泌乳牛のグルコース利用におけるソマトトロピン軸の役割

※アーカイブの成果情報は、発表されてから年数が経っており、情報が古くなっております。
同一分野の研究については、なるべく新しい情報を検索ください。

要約

泌乳中、乳牛はソマトトロピン軸(視床下部から乳腺にいたる成長ホルモンの制御系)を介して、乳腺以外の組織でのインシュリンによるグルコースの取り込みを抑制し、グルコースを優先的に乳腺に配分して乳量を増加させる。この作用は、泌乳前期と中・後期で異なる。

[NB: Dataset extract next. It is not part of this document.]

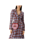 The Belle Heart Frame purse features a heart-shaped silhouette, a nod to Vivienne’s affection for humanity and the planet, complete with leather trims and our signature silver-tone hardware. Embellished with rows of shimmering diamanté gemstones, the design recalls the opulence of grand hotel interiors.

  • 担当:畜産試験場 生理部 生理活性物質研究室
  • 連絡先:0298-38-8645
  • 部会名:畜産
  • 専門:生理
  • 対象:乳用牛
  • 分類:研究

背景・ねらい

乳牛の泌乳において成長ホルモン(GH、ソマトトロピン)が最も重要な生理活性物質であることが明らかにされ、バイオテクノロジーの技術革新と相まって、GHの酪農分野における応用研究が数多くなされてきた。GHによる増乳効果には、視床下部の成長ホルモン放出因子から乳腺にいたるソマトトロピン軸の関与が想定されているが、未だに不明な部分が多い。 実験には、成長ホルモン放出因子(GRF)・成長ホルモン抑制因子(GIF、ソマトスタチン)・GHの頸静脈内連続投与、ユーグリセミック・インシュリン・クランプ法、安定同位体で標識した[6,6-2H2]グルコースによる同位元素希釈法等の新しい手法を用いた。本実験から泌乳牛のソマトトロピン軸の制御、インシュリンの作用、グルコースの体内での生産量と代謝量の関連性に関していくつかの新しい知見を得た。

成果の内容・特徴

  • GRF注入による泌乳牛の血液中の代謝産物、GH、インシュリン様成長因子(IGF-I)、インシュリンなどの経時変化から、泌乳時の炭水化物、脂質および窒素代謝にはGRF、GIF、GH、IGF-Iなどのホルモンを介するソマトトロピン軸が関与していることを確認した。
  • 泌乳中・後期の乳牛におけるインシュリン抵抗性はGRFやGHの注入で増加し、泌乳前期ではその効果は観察できなかった。泌乳中・後期のインシュリン抵抗性の増加には、GH、IGF-Iの上昇と関連した。泌乳前期の泌乳最盛期には、グルコースの配分が最もダイナミックに動くため、GHの効果が観察されなかったものと思われる。
  • 泌乳中・後期の乳牛において、インシュリン依存性のグルコースの消費量は、体内で消費される全グルコース量のわずか10~15%にすぎない。このことは、インシュリン非依存性のグルコース消費を行う代表的組織である乳腺において、多くのグルコースが使われていることを示唆する(図1)。
  • 泌乳牛にGHを投与するとインシュリン依存性の組織へのグルコースの取り込みが抑制され、乳腺に配分されるグルコースの量が増加する。また、GH投与は泌乳基質確保のため、インシュリン非依存性のグルコースの取り込みも増強する可能性が示唆される。

成果の活用面・留意点

アメリカ合衆国等において、GHの製品が酪農現場で使用されているが、日本での使用は認められていない。泌乳に対するGHの効果には、泌乳時期、栄養状態、個体能力等の要因が影響する。

具体的データ

図.泌乳牛におけるGB投与時のグルコース消費パターンの変化

その他

  • 研究課題名:Somatotropic axisによる泌乳制御技術の開発
  • 予算区分:大型別枠[生物情報]
  • 研究期間:平成9年度(平成5年~9年度)
  • 発表論文等:
    1) Effect of growth hormone  on the response to insulin and glucose turnover in sheep. J. Agric. Sci. Camb. 126 107-115 (1996)
    2) Effect of growth hormone-releasing factor on the response to insulin of cows during early and late lactation. J. Dairy Sci. 79 1734-1745 (1996)
    3) Growth hormone does not affect non-insulin-mediated glucose uptake in sheep. Exp. Physiol. 82 749-760 (1997)
    4) Non-insulin- and insulin-mediated glucose uptake in dairy cows.J. Dairy Res. 64 341-353 (1997)
    5) Role of the somatotropic axis on insulin mediated and non-insulin mediatedglucose uptake in lactating cows. Rumen microbes and Digestive Physiology in Ruminants. Edited by Onodera, R., H. Itabashi, K. Ushida,Y. Yano, and Y. Sasaki. 231-240 (1997)
    6) Effects of  growth hormone on non-insulin mediated glucose disposal in dairy cows. J. Dairy Res., in press.